Problem to solve: Only the text carries over: repeat the records exactly and drop the images.

[Data entries]
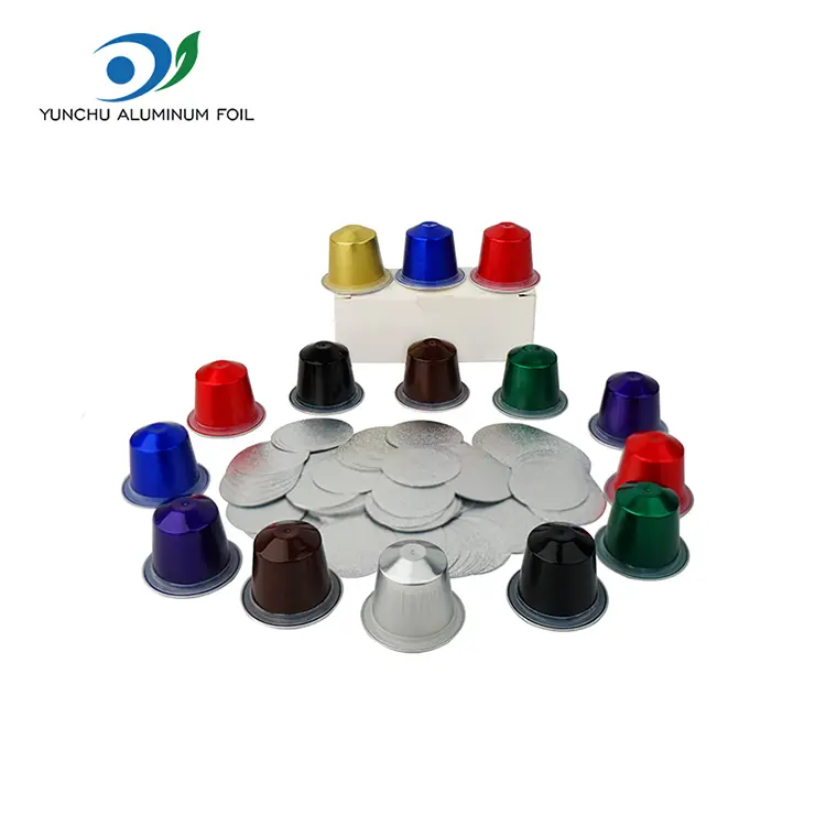 Tesilicone-Seal Empty Coffee Capsule Produced by China Yunchu Aluminium Foil Wholesale är tillverkade av livsmedelskvalitetsaluminiumfolie, som uppfyller kraven på miljöskydd och livsmedelskvalitetsteknik. Värmeseglat aluminiumfolie lock tillhandahålls för enkel tätning efter uppvärmning, stark kompatibilitet, kompatibel med de flesta kaffemaskiner på marknaden, Yunchu kan producera kaffekapslar gjorda av belagda aluminiumfolie, kaffekapsuler är gjorda av präglade aluminiumfolie, med god tätning och utmärkta barriäregenskaper, vilket kan förhindra alla kontaminering och smaklopp.
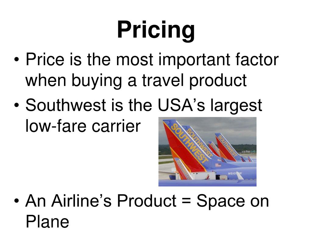 Pricing • Price is the most important factor when buying a travel product • Southwest is the USA’s largest low-fare carrier • An Airline’s Product = Space on Plane
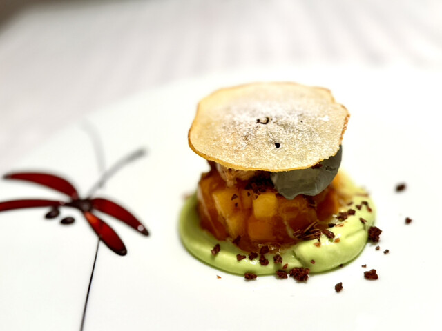 トンガ豆のアイスをのせた柿のデザートです。
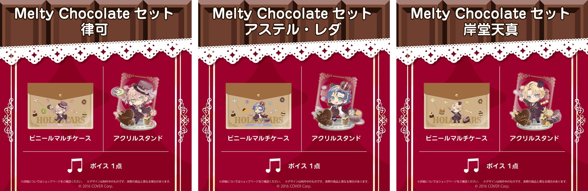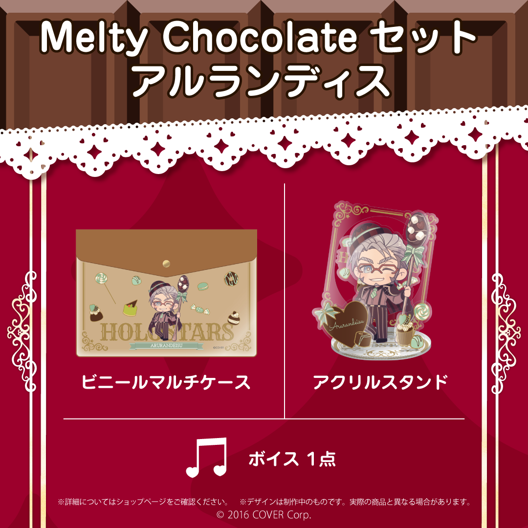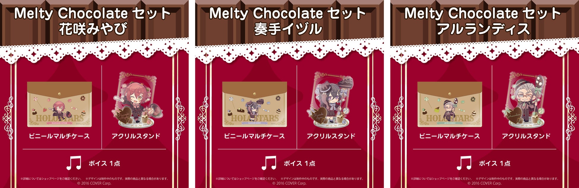 「Melty Chocolateセット」は、「みかんもち」先生描き下ろしのミニキャラクターイラストを使用したアクリルスタンドとビニールマルチケース、そして「ホロスターズ」の各メンバーが"あなた"と2人きりで過ごすバレンタインデーの1日をテーマにしたシチュエーションボイスの3点がセットとなっています。
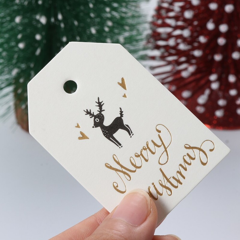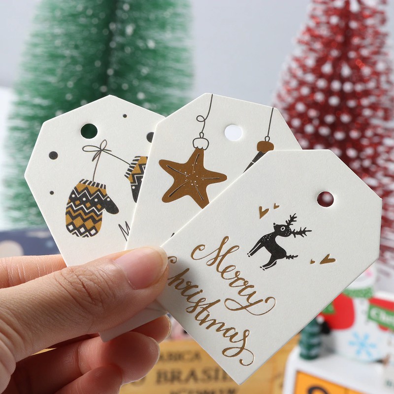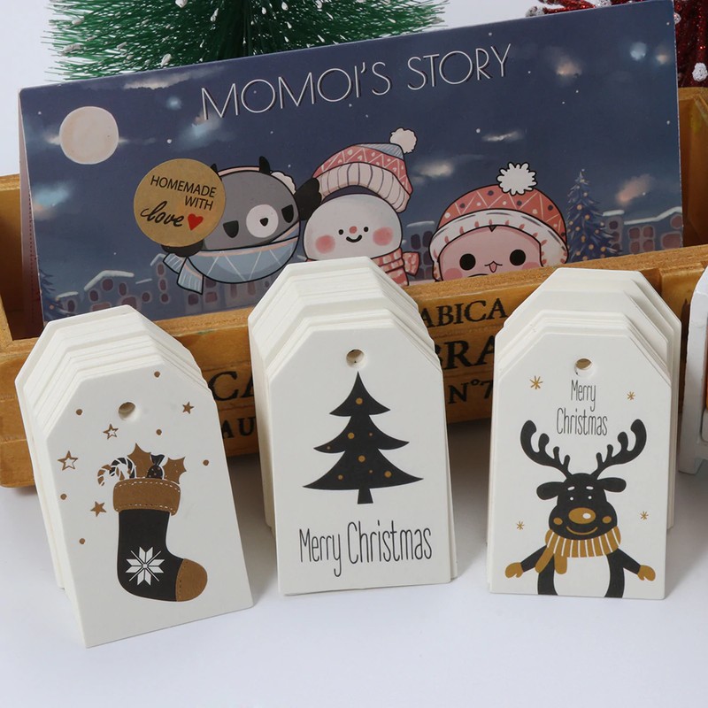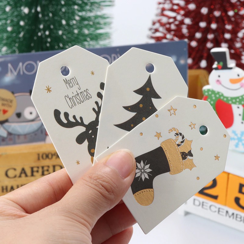 50Pcs DIY 크래프트 태그 메리 크리스마스 레이블 선물 포장 종이 교수형 태그 산타 클로스 종이 카드 크리스마스 파티 용품 선물
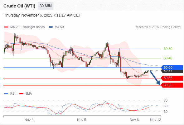 交易策略: 在 60.00 之下,看跌,目标价位为 59.55 ,然后为 59.25 。
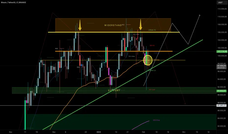 • Erst wenn die grüne Support-Box bricht, könnte sich das große M-Pattern ausspielen, und Bitcoin würde die unteren Vectors abholen.
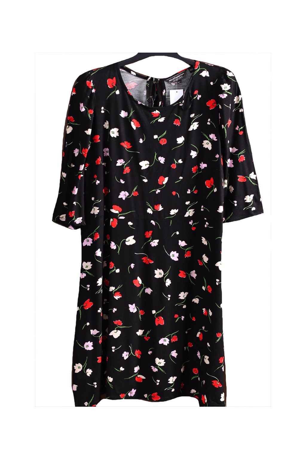Dámské černé šaty s bílo-červeno-fialovými květy / DOROTHY PERKINS / XXXL (50) / UK 22 / ANGLIE
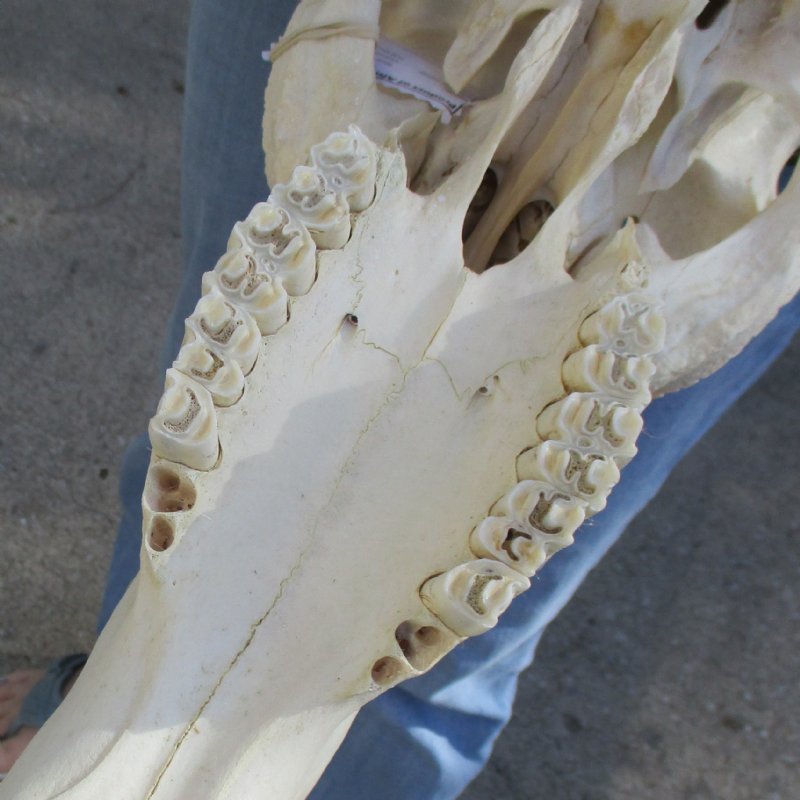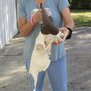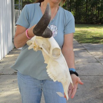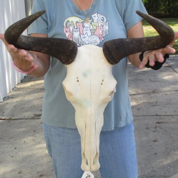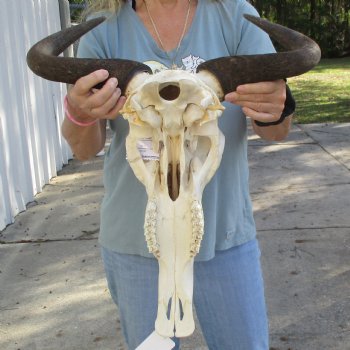 African Blue Wildebeest Skull (Connochaetes gnau) for sale. This blue wildebeest skull with horns has a horn spread of approximately 20 inches wide and the skull is approximately 18-1/2 inches long. Some teeth missing and blue discoloration on skull. - Review all photos. This is a real blue wildebeest skull with horns and will have imperfections caused by the animal living in the wild and fighting, such as cracks, holes, blemishes, rub areas, broken or missing teeth, etc. All of our wildebeest skulls with horns are by-products of the African Government's culling program and farming industry. All products were professionally cleaned in South Africa and cleared by the U.S Fish and Wildlife Services and U.S. Customs Services for legal entry into the United States.
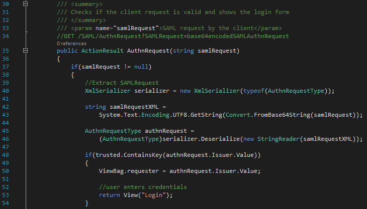 The SAML server receives the request, checks that the issuer of the SAML Request is in the list of trusted sources (SAMLController.cs line 48) and returns the Login view to the user agent. The user now sees the login form.
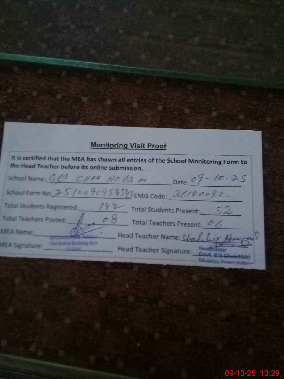 | EMIS Code: 36140082 | Name of School: GES CHAK NO 63 M MOZA CHAK NO 63 | |||
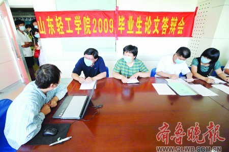 24日上午9點(diǎn)45分,一條標(biāo)有“山東輕工學(xué)院2009畢業(yè)生論文答辯會(huì)”的紅色橫幅掛在山大二院血液科會(huì)議室里,山輕工食品與生物工程學(xué)院的五位老師戴著藍(lán)色口罩一字排開(kāi),坐在一張長(zhǎng)條桌的一側(cè)。張萍穿著住院服,戴著口罩在同學(xué)彭愛(ài)琴的攙扶下來(lái)到會(huì)議室。
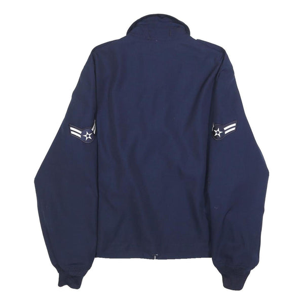 The jacket has a classic fit with ribbed cuffs for comfort and wind protection. It has a traditional collar and a plain pattern, ideal for casual or uniform-style wear. The material is robust yet comfortable, providing warmth suitable for cooler weather. Overall, this jacket is a stylish tribute to U.S. Air Force apparel with a clean and practical design.
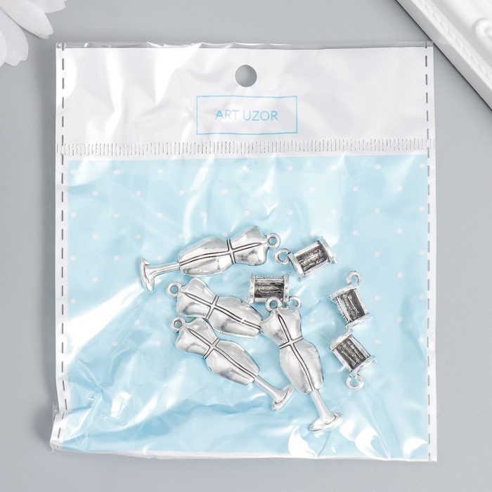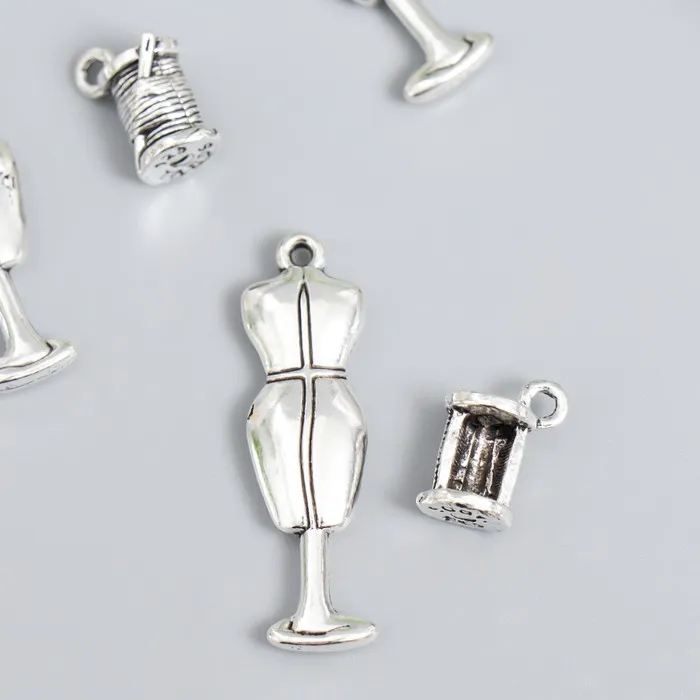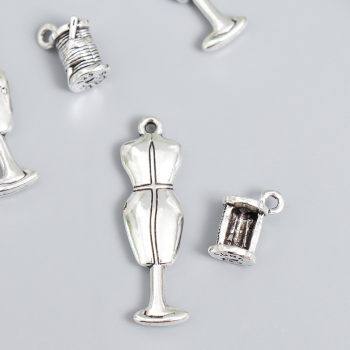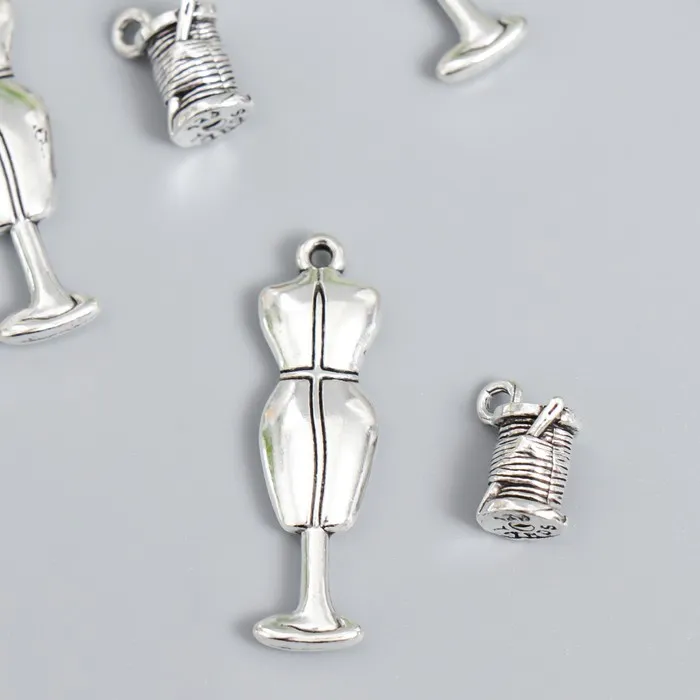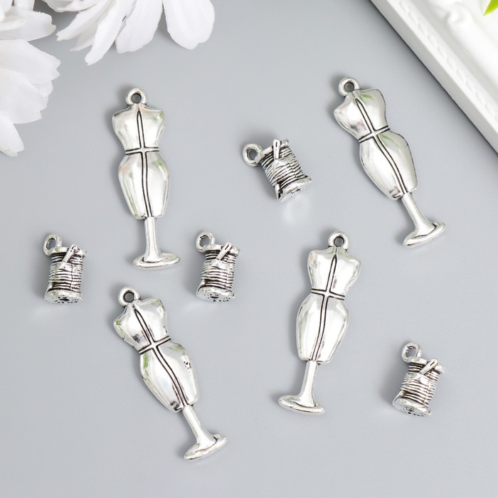 Металлический элемент, декоративная подвеска «Арт Узор. Манекен и нитки», серебро, набор 4+4 шт., 3.8×1.1 см; 1.4×1.1×0.8 см — Характеристики

Solved exercise:
 Tesilicone-Seal Empty Coffee Capsule Produced by China Yunchu Aluminium Foil Wholesale är tillverkade av livsmedelskvalitetsaluminiumfolie, som uppfyller kraven på miljöskydd och livsmedelskvalitetsteknik. Värmeseglat aluminiumfolie lock tillhandahålls för enkel tätning efter uppvärmning, stark kompatibilitet, kompatibel med de flesta kaffemaskiner på marknaden, Yunchu kan producera kaffekapslar gjorda av belagda aluminiumfolie, kaffekapsuler är gjorda av präglade aluminiumfolie, med god tätning och utmärkta barriäregenskaper, vilket kan förhindra alla kontaminering och smaklopp.
 Pricing • Price is the most important factor when buying a travel product • Southwest is the USA’s largest low-fare carrier • An Airline’s Product = Space on Plane
 トンガ豆のアイスをのせた柿のデザートです。
 「Melty Chocolateセット」は、「みかんもち」先生描き下ろしのミニキャラクターイラストを使用したアクリルスタンドとビニールマルチケース、そして「ホロスターズ」の各メンバーが"あなた"と2人きりで過ごすバレンタインデーの1日をテーマにしたシチュエーションボイスの3点がセットとなっています。
 50Pcs DIY 크래프트 태그 메리 크리스마스 레이블 선물 포장 종이 교수형 태그 산타 클로스 종이 카드 크리스마스 파티 용품 선물
 交易策略: 在 60.00 之下,看跌,目标价位为 59.55 ,然后为 59.25 。
 • Erst wenn die grüne Support-Box bricht, könnte sich das große M-Pattern ausspielen, und Bitcoin würde die unteren Vectors abholen.
Dámské černé šaty s bílo-červeno-fialovými květy / DOROTHY PERKINS / XXXL (50) / UK 22 / ANGLIE
 African Blue Wildebeest Skull (Connochaetes gnau) for sale. This blue wildebeest skull with horns has a horn spread of approximately 20 inches wide and the skull is approximately 18-1/2 inches long. Some teeth missing and blue discoloration on skull. - Review all photos. This is a real blue wildebeest skull with horns and will have imperfections caused by the animal living in the wild and fighting, such as cracks, holes, blemishes, rub areas, broken or missing teeth, etc. All of our wildebeest skulls with horns are by-products of the African Government's culling program and farming industry. All products were professionally cleaned in South Africa and cleared by the U.S Fish and Wildlife Services and U.S. Customs Services for legal entry into the United States.
 The SAML server receives the request, checks that the issuer of the SAML Request is in the list of trusted sources (SAMLController.cs line 48) and returns the Login view to the user agent. The user now sees the login form.
 | EMIS Code: 36140082 | Name of School: GES CHAK NO 63 M MOZA CHAK NO 63 | |||
 24日上午9點(diǎn)45分,一條標(biāo)有“山東輕工學(xué)院2009畢業(yè)生論文答辯會(huì)”的紅色橫幅掛在山大二院血液科會(huì)議室里,山輕工食品與生物工程學(xué)院的五位老師戴著藍(lán)色口罩一字排開(kāi),坐在一張長(zhǎng)條桌的一側(cè)。張萍穿著住院服,戴著口罩在同學(xué)彭愛(ài)琴的攙扶下來(lái)到會(huì)議室。
 The jacket has a classic fit with ribbed cuffs for comfort and wind protection. It has a traditional collar and a plain pattern, ideal for casual or uniform-style wear. The material is robust yet comfortable, providing warmth suitable for cooler weather. Overall, this jacket is a stylish tribute to U.S. Air Force apparel with a clean and practical design.
 Металлический элемент, декоративная подвеска «Арт Узор. Манекен и нитки», серебро, набор 4+4 шт., 3.8×1.1 см; 1.4×1.1×0.8 см — Характеристики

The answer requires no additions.